You cannot have an economic solution from within the current economic framework, because it is flawed at the core. The sooner we realise, the better, because our castles built on sand are sinking rapidly.


/rant.

:)
 
And moar:

Taleb's `Black Swan' Investors Post Gains as Markets Take Dive

By Stephanie Baker

Oct. 14 (Bloomberg) -- Investors advised by ``Black Swan'' author Nassim Taleb have gained 50 percent or more this year as his strategies for navigating big swings in share prices paid off amid the worst stock market in seven decades.

Universa Investments LP, the Santa Monica, California-based firm where Taleb is an adviser, has about $1 billion in accounts managed to hedge clients against big moves in financial markets. Returns for the year through Oct. 10 ranged as high as 110 percent, according investor documents. The Standard & Poor's 500 Index lost 39 percent in the same period.

``I am very sad to be vindicated,'' Taleb said today in an interview in London. ``I don't care about the money.

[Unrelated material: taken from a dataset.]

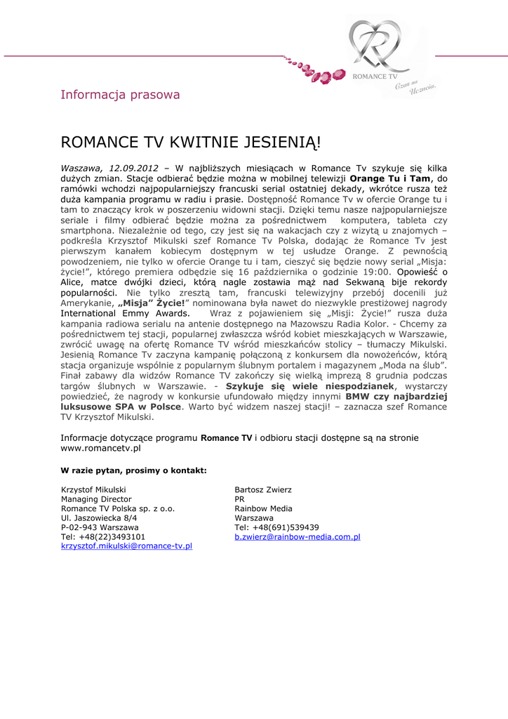 Informacja prasowa ROMANCE TV KWITNIE JESIENIĄ! Waszawa, 12.09.2012 – W najbliższych miesiącach w Romance Tv szykuje się kilka dużych zmian. Stacje odbierać będzie można w mobilnej telewizji Orange Tu i Tam, do ramówki wchodzi najpopularniejszy francuski serial ostatniej dekady, wkrótce rusza też duża kampania programu w radiu i prasie. Dostępność Romance Tv w ofercie Orange tu i tam to znaczący krok w poszerzeniu widowni stacji. Dzięki temu nasze najpopularniejsze seriale i filmy odbierać będzie można za pośrednictwem komputera, tableta czy smartphona. Niezależnie od tego, czy jest się na wakacjach czy z wizytą u znajomych – podkreśla Krzysztof Mikulski szef Romance Tv Polska, dodając że Romance Tv jest pierwszym kanałem kobiecym dostępnym w tej usłudze Orange. Z pewnością powodzeniem, nie tylko w ofercie Orange tu i tam, cieszyć się będzie nowy serial „Misja: życie!”, którego premiera odbędzie się 16 października o godzinie 19:00. Opowieść o Alice, matce dwójki dzieci, którą nagle zostawia mąż nad Sekwaną bije rekordy popularności. Nie tylko zresztą tam, francuski telewizyjny przebój docenili już Amerykanie, „Misja” Życie!” nominowana była nawet do niezwykle prestiżowej nagrody International Emmy Awards. Wraz z pojawieniem się „Misji: Życie!” rusza duża kampania radiowa serialu na antenie dostępnego na Mazowszu Radia Kolor. - Chcemy za pośrednictwem tej stacji, popularnej zwłaszcza wśród kobiet mieszkających w Warszawie, zwrócić uwagę na ofertę Romance TV wśród mieszkańców stolicy – tłumaczy Mikulski. Jesienią Romance Tv zaczyna kampanię połączoną z konkursem dla nowożeńców, którą stacja organizuje wspólnie z popularnym ślubnym portalem i magazynem „Moda na ślub”. Finał zabawy dla widzów Romance TV zakończy się wielką imprezą 8 grudnia podczas targów ślubnych w Warszawie. - Szykuje się wiele niespodzianek, wystarczy powiedzieć, że nagrody w konkursie ufundowało między innymi BMW czy najbardziej luksusowe SPA w Polsce. Warto być widzem naszej stacji! – zaznacza szef Romance TV Krzysztof Mikulski. Informacje dotyczące programu Romance TV i odbioru stacji dostępne są na stronie www.romancetv.pl W razie pytan, prosimy o kontakt: Krzystof Mikulski Managing Director Romance TV Polska sp. z o.o. Ul. Jaszowiecka 8/4 P-02-943 Warszawa Tel: +48(22)3493101 [email protected] Bartosz Zwierz PR Rainbow Media Warszawa Tel: +48(691)539439 [email protected]

We're proud we protected our investors.''

Taleb's book argues that history is littered with high- impact rare events known in quantitative finance as ``fat tails.'' As the founder of New York-based Empirica LLC, a hedge- fund firm he ran for six years before closing it in 2004, Taleb built a strategy based on options trading to bullet-proof investors from market blowups while profiting from big rallies.

Mark Spitznagel, Taleb's former trading partner, opened Universa last year using some of the same strategies they'd run since 1999. Pallop Angsupun manages the Black Swan Protection Protocol for clients and is overseen by Taleb and Spitznagel, Universa's chief investment officer.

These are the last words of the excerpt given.